I would like to (1) understand where does the difference come from and (2) if it is possible to have the same performance using an embedded interpreter? (using e.g. cython is currently not an option).
#include <Python.h>
int main()
{
Py_Initialize();
const char* pythonScript = "import test; test.run()";
int result = PyRun_SimpleString(pythonScript);
Py_Finalize();
return result;
}
Compilation:
g++ -std=c++11 -fPIC $(python3-config --cflags) simple.cpp \
$(python3-config --ldflags) -o simple
test.py
import sys
sys.stdout = open('output.bin', 'bw')
import mandel
def run():
mandel.mandelbrot(4096)
mandel.py
Tweaked version from benchmarks-game's Mandlebrot (see License)
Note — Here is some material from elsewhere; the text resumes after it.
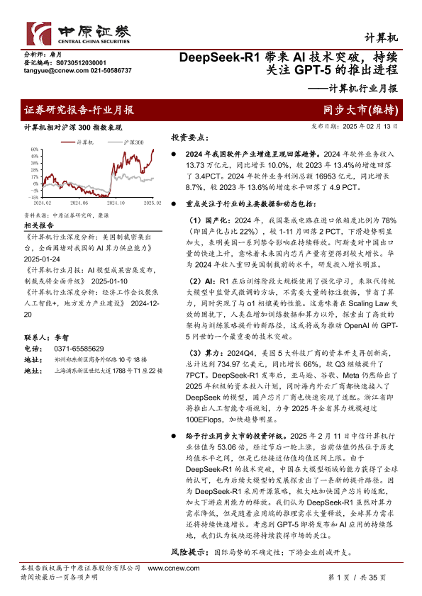 【中原证券】【20250213】计算机行业月报:DeepSeek_R1带来AI技术突破,持续关注GPT_5的推出进程-35页

from contextlib import closing
from itertools import islice
from os import cpu_count
from sys import stdout
def pixels(y, n, abs):
range7 = bytearray(range(7))
pixel_bits = bytearray(128 >> pos for pos in range(8))
c1 = 2. / float(n)
c0 = -1.5 + 1j * y * c1 - 1j
x = 0
while True:
pixel = 0
c = x * c1 + c0
for pixel_bit in pixel_bits:
z = c
for _ in range7:
for _ in range7:
z = z * z + c
if abs(z) >= 2.: break
else:
pixel += pixel_bit
c += c1
yield pixel
x += 8
def compute_row(p):
y, n = p
result = bytearray(islice(pixels(y, n, abs), (n + 7) // 8))
result[-1] &= 0xff << (8 - n % 8)
return y, result
def ordered_rows(rows, n):
order = [None] * n
i = 0
j = n
while i < len(order):
if j > 0:
row = next(rows)
order[row[0]] = row
j -= 1
if order[i]:
yield order[i]
order[i] = None
i += 1
def compute_rows(n, f):
row_jobs = ((y, n) for y in range(n))
if cpu_count() < 2:
yield from map(f, row_jobs)
else:
from multiprocessing import Pool
with Pool() as pool:
unordered_rows = pool.imap_unordered(f, row_jobs)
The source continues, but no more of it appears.